The rockers would be required to pass stability and other safety tests, seek to prevent strangulation from hanging straps and include prominent warning labels emphasizing the hazards associated with rockers.

Parents would be urged not to allow babies to sleep in them or put soft bedding in them that could cause suffocation.

The rockers were associated with 88 injuries including strangulation and cases where infants hurt their heads after rockers tipped over, CPSC staffers said. Nine of the 11 deaths mentioned in Wednesday’s report, happened when infants were placed in the products for napping or sleeping, CPSC staff members said.

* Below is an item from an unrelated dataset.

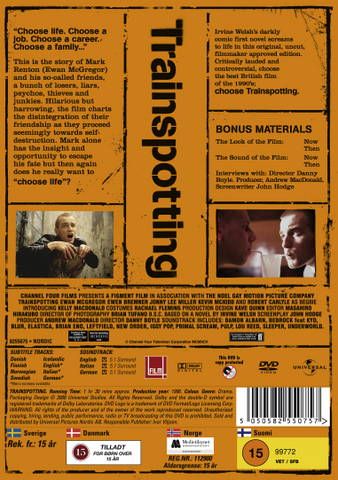 Trainspotting is a film about a group of heroin addicts in Edinburgh, Mark Renton (Ewan McGregor), Spud (Ewen Bremner) and Sick Boy (Jonny Lee Miller). Their friends Tommy (Kevin McKidd) and Begbie (Robert Carlyle) criticise heroin use; the former is an athletic person, and the latter a drunk. Tommy succumbs to heroin after his girlfriend leaves him. Renton and Spud are caught stealing from a department store. Spud is imprisoned, while Renton volunteers for a drug treatment programme. Since he goes back to heroin, his parents lock him up in a room. Free of his habit, Renton moves to London, gets a job, and begins to settle. He is not pleased when Begbie and Sick Boy join him. They learn of Tommy’s death, return to Scotland and find Spud, now out of jail and drug-free. They all decide to make some money in a drug deal. Their plan is successful, but while they celebrate Begbie attacks a man with a knife, and cuts Spud’s hand. Renton realises that these people, with the exception of Spud, are not his friends, and decides to start a new life – with the money from the drug deal.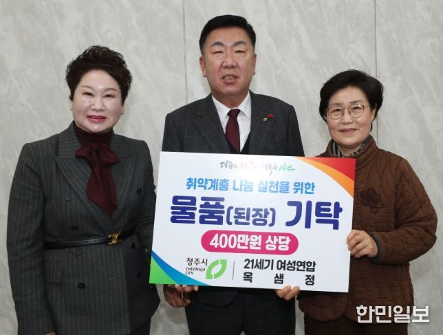 이범석 시장은 “경기침체로 힘든 시기에 취약계층을 위해 정성 가득한 된장을 준비해 주신 21세기 여성연합과 옥샘정에 감사드린다”면서 “도움이 꼭 필요한 곳에 모아주신 마음이 닿을 수 있도록 전달하겠다”고 답했다.

“We have to make these as foolproof as possible — you need to make it so that it’s almost impossible to use in an unsafe way,” said Dr. Rachel Moon, who leads the Sudden Infant Death Syndrome task force for the American Academy of Pediatrics.

The CPSC’s four commissioners are scheduled to meet Oct. 4 to decide whether to adopt the recommendations.

The CPSC staff report estimated that nearly 570,000 infant rockers are sold every year and that it could cost manufacturers about $80,000 to redesign each model according to the new requirements.

A federal law signed last year prohibited sleepers for infants with inclines greater than 10 degrees NBC reported.

The change is intended to reduce the risk of positional asphyxiation, among other hazards. The CPSC staff proposal does not address the incline of rockers.